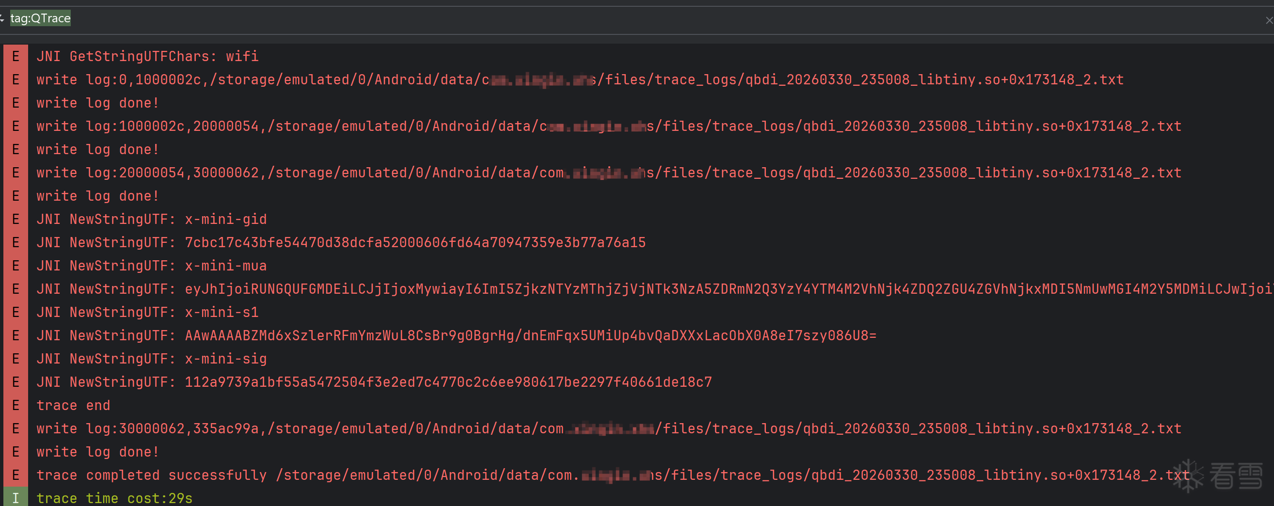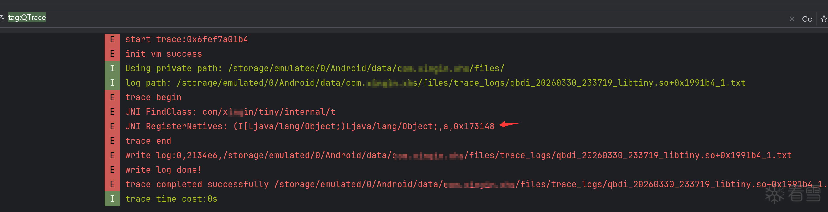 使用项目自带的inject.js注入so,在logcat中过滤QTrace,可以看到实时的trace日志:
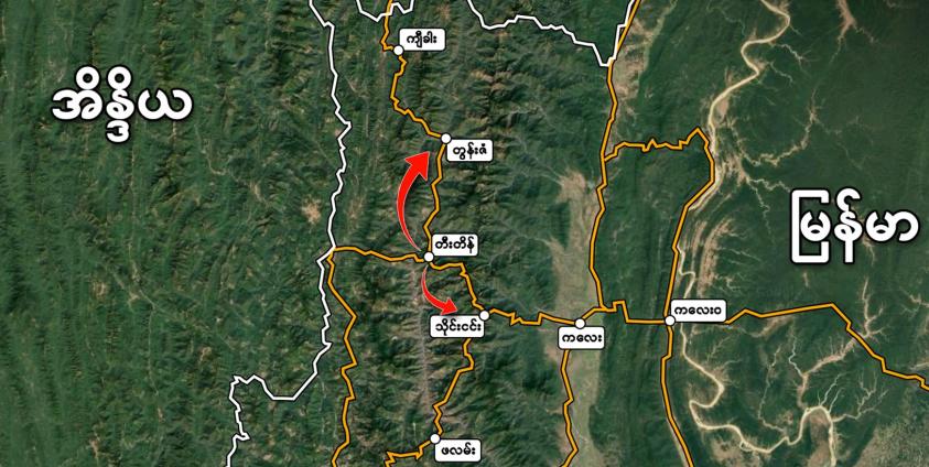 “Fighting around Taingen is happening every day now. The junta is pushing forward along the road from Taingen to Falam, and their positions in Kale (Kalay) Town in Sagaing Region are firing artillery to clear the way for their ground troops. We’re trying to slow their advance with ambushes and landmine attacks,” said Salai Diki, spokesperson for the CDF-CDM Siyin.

§

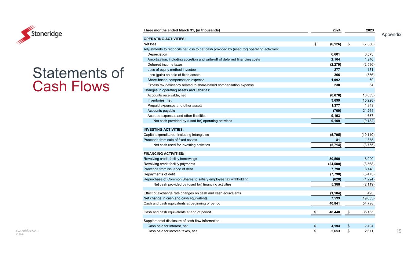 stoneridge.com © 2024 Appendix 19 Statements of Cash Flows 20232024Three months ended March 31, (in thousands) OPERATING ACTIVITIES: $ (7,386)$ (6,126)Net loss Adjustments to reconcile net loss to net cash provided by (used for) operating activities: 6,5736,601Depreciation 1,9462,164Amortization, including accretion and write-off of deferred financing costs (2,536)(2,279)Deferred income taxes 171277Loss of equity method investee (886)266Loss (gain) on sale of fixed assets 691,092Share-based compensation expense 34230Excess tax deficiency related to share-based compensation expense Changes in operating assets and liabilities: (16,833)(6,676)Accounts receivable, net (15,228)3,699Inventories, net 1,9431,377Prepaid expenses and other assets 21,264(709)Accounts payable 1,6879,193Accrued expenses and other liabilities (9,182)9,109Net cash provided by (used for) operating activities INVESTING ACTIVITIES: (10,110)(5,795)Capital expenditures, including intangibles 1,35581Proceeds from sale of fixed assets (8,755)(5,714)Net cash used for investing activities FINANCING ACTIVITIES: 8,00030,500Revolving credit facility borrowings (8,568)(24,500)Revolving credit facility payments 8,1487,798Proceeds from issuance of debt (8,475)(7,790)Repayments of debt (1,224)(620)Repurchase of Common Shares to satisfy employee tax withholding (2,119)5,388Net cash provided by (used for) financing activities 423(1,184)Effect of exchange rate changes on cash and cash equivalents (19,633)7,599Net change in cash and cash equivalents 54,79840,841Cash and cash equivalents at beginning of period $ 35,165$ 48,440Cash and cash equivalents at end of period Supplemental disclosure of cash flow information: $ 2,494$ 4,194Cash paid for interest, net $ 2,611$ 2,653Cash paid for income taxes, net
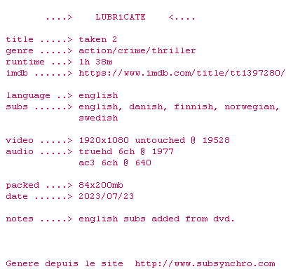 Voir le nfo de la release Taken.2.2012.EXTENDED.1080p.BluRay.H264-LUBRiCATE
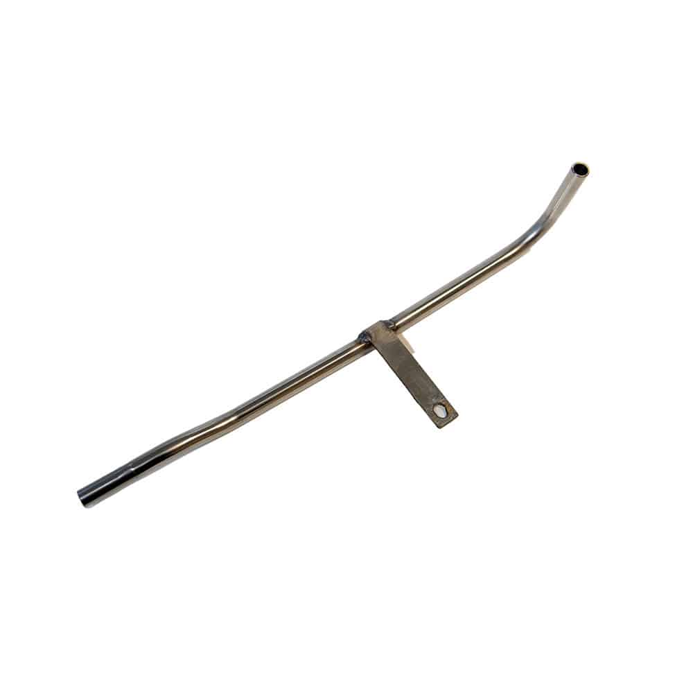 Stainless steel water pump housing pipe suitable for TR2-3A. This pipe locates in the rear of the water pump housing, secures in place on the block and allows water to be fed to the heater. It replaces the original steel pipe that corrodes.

§

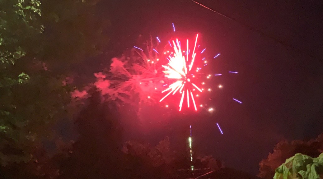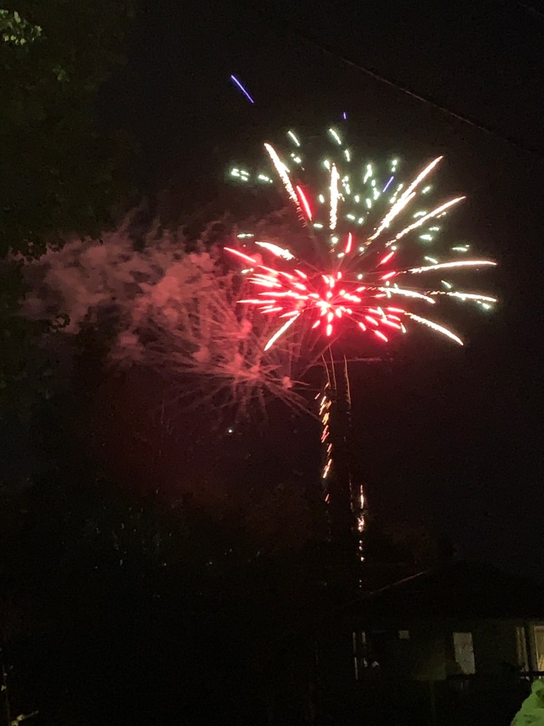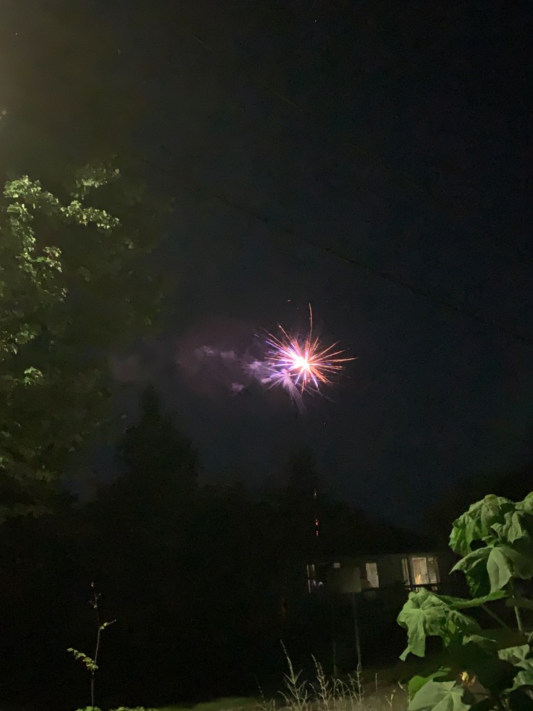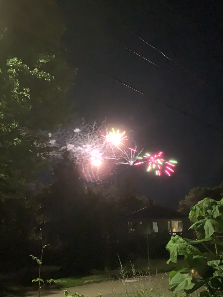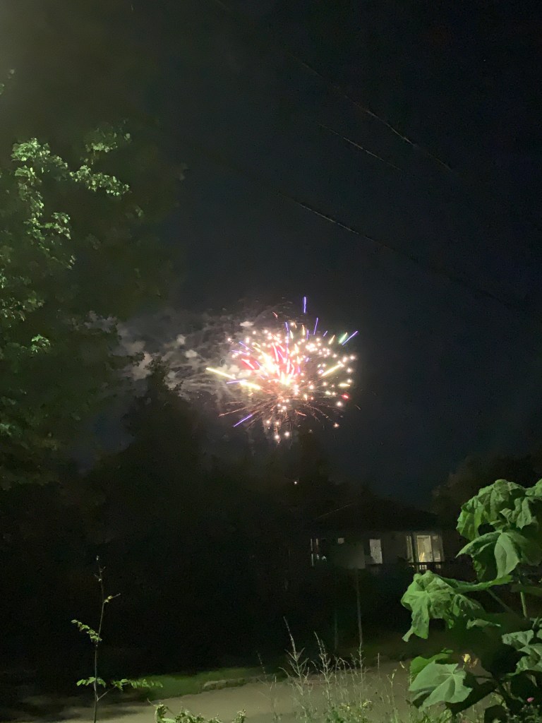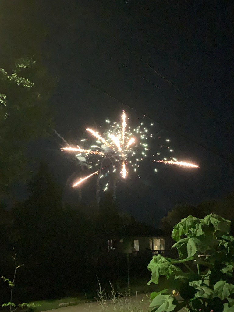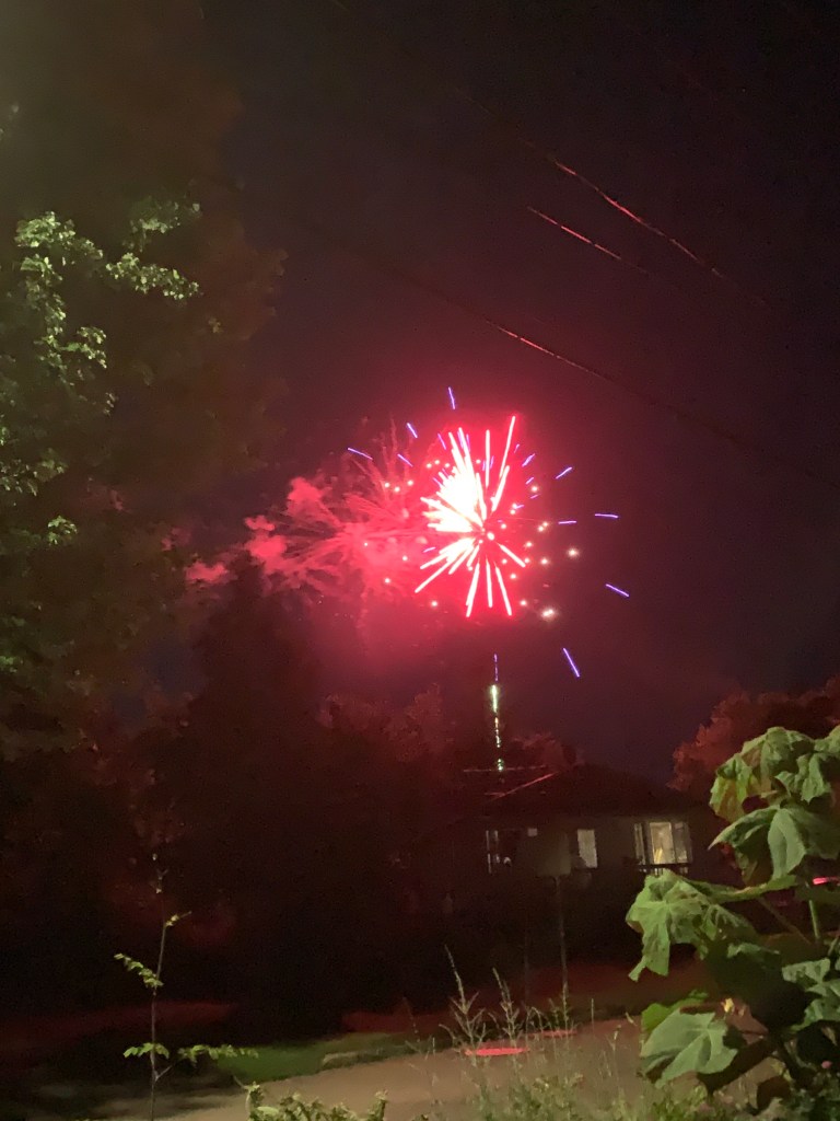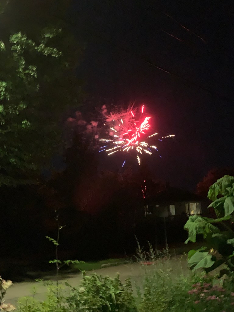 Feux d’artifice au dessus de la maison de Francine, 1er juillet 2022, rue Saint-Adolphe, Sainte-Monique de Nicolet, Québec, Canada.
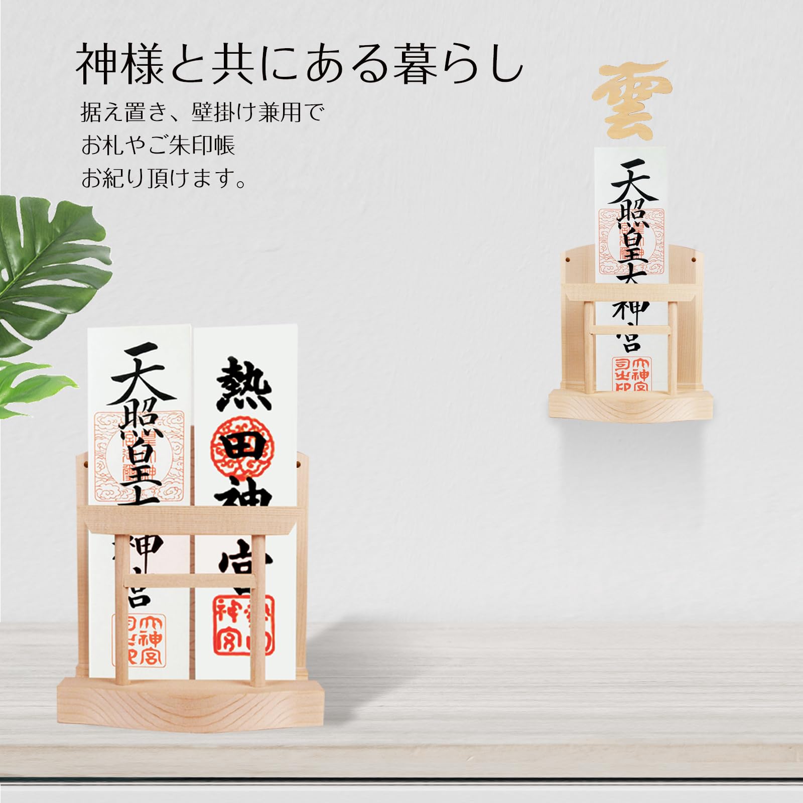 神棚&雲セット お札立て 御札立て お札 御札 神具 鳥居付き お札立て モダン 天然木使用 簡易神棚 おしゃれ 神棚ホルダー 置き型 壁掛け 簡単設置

§

HOW TO COMPLETE THIS TASK - Return exactly the stretch above whose first line contains "Voir le nfo" and whose last line contains "Stainless steel water", and nothing outside it. The pictures should not appear.

WRITTEN ANSWER -
 Voir le nfo de la release Taken.2.2012.EXTENDED.1080p.BluRay.H264-LUBRiCATE
 Stainless steel water pump housing pipe suitable for TR2-3A. This pipe locates in the rear of the water pump housing, secures in place on the block and allows water to be fed to the heater. It replaces the original steel pipe that corrodes.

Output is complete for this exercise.